Потом прибилась ко двору несостоявшаяся звезда столичной сцены Янь Зинь, и это было второе.
Историю этой невезучей девушки следовало бы записать и внести в учебники для начальных храмовых школ как поучительный пример того, что бывает с амбициозными провинциалками, жаждущими покорить столицу.
Зинь родилась в Келси, в семье хинского эмигранта, мелкого торговца экзотическими безделушками. Зная, что единственным доступным ей будущим является замужество, она все же с детства мечтала о сцене. Когда же судьба в образе свахи неумолимо постучалась в дверь, Зинь тихо собрала вещички, ополовинила без спросу папину заветную шкатулочку и подалась в столицу за цветами и аплодисментами.
Всего за пару лун негостеприимная столица навешала наивной провинциалке таких аплодисментов, что сочувствующие слушатели только головами качали вместо комментариев.
Сразу же по приезде прямо на почтовой станции у нее сперли половину вещей.
В тот же вечер она познакомилась с владельцем несуществующего театра, который ее напоил, затащил в постель и чуть было не продал в бордель, но, к счастью, получилось, что напоил недостаточно. Зинь оказалась девушкой отчаянной и спаслась, выбив окно и бесстрашно сиганув со второго этажа.
Само собой, актерских способностей новоявленной звезды не оценили нигде и не взяли даже в ученицы. Было, правда, несколько вариантов, но там предполагалась оплата натурой, а результат казался сомнительным.
В придачу к прочим неприятностям Зинь почему-то оказалась как две капли воды похожа на некую местную воровку, которую разыскивала полиция, из-за чего девушку однажды с большим шумом арестовали. Потом, конечно, разобрались, и даже какой-то очень важный дяденька, чуть ли не сам министр, перед ней извинился. Но до того три дня в участке продержали, пинков навешали, а после того невезучую Зинь регулярно останавливали на улице стражи порядка и залезали за пазуху в поисках особой приметы – татуировки в виде змейки. Не находили, конечно, но, скорее всего, их привлекал сам процесс.

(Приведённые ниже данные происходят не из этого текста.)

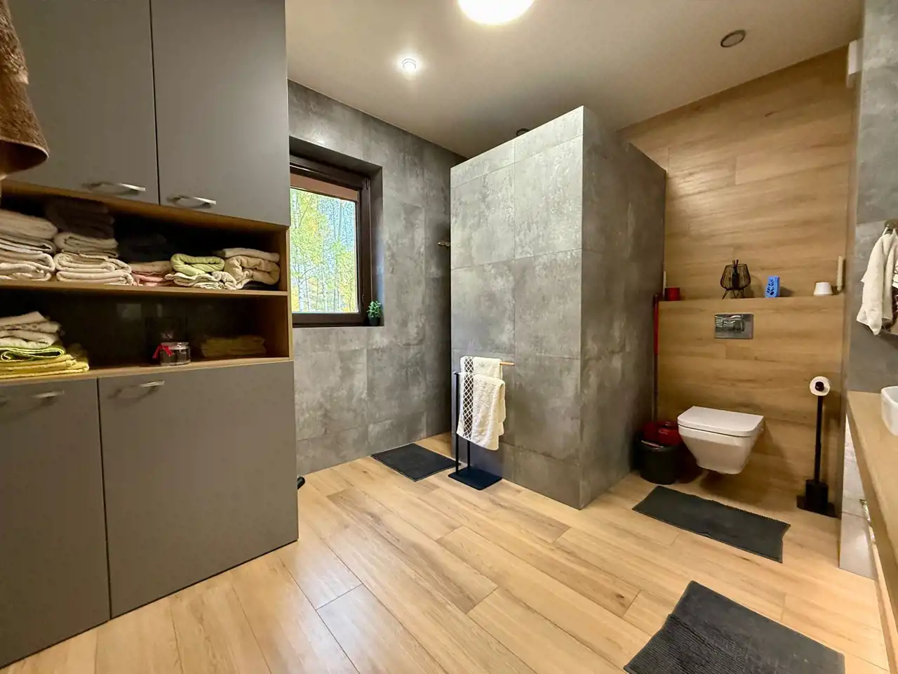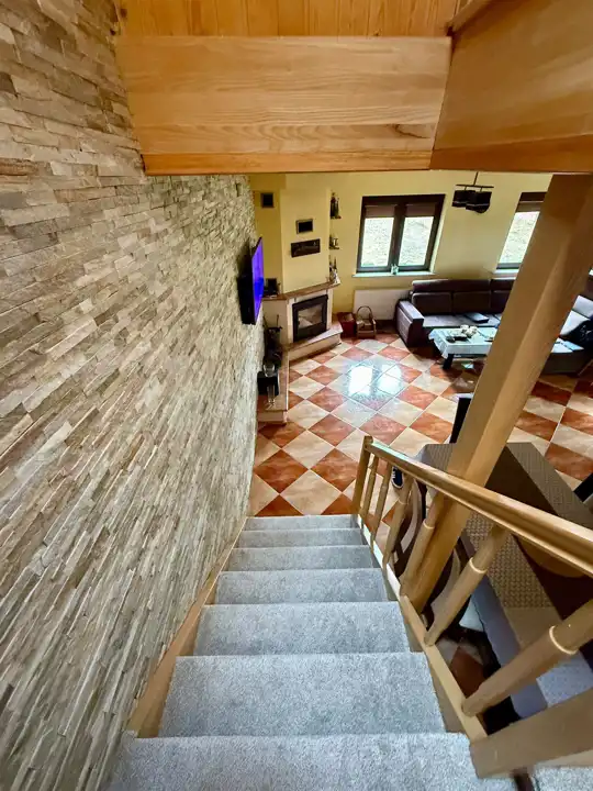 Ten wyjątkowy, murowany dom z cegły został wybudowany z dbałością o każdy detal. Ocieplony 15 cm wełny mineralnej i obity drewnem ze świerka syberyjskiego, zachwyca nie tylko wyglądem, ale i doskonałą izolacją.

За те три дня, что Зинь провела в участке, ее выселили с квартиры. Стребовать обратно свое имущество удалось только после грандиозного (на три квартала) скандала с домовладельцем, и это была единственная польза, которую удалось извлечь из официальных извинений министра. Как его звать, Зинь так и не запомнила, но даже описание внешности в сочетании с угрозой пожаловаться повергли вороватого хозяина в священный трепет. Правда, взятую вперед плату за всю луну он так и не вернул.
В преддверии финансового кризиса Зинь попыталась устроиться на какую-нибудь работу, но и тут пережила серию обломов. Никакому ремеслу ее не обучали, ибо готовили в пожизненные домохозяйки. Кое-какой опыт ведения примитивной лавочной бухгалтерии у нее имелся, ибо старший брат, папина единственная надежда, не дружил с арифметикой и втайне от родителя сваливал ненавистные книжки-бумажки на более сообразительную сестренку. Однако такие навыки не пользовались спросом, так как любой уважающий себя купец подобные вещи делает самостоятельно. Продавщицы в лавке должны улыбаться посетителям, расхваливать товар и, как оказалось позже, внимательно за этим самым товаром следить. Потому как воруют в столице быстро и абсолютно незаметно, а расплачиваться за недостачу приходится из своего кармана. Кроме того, хозяева почему-то поголовно озабочены прелестями своих молоденьких служащих противоположного пола и бессовестно пользуются подчиненным положением последних…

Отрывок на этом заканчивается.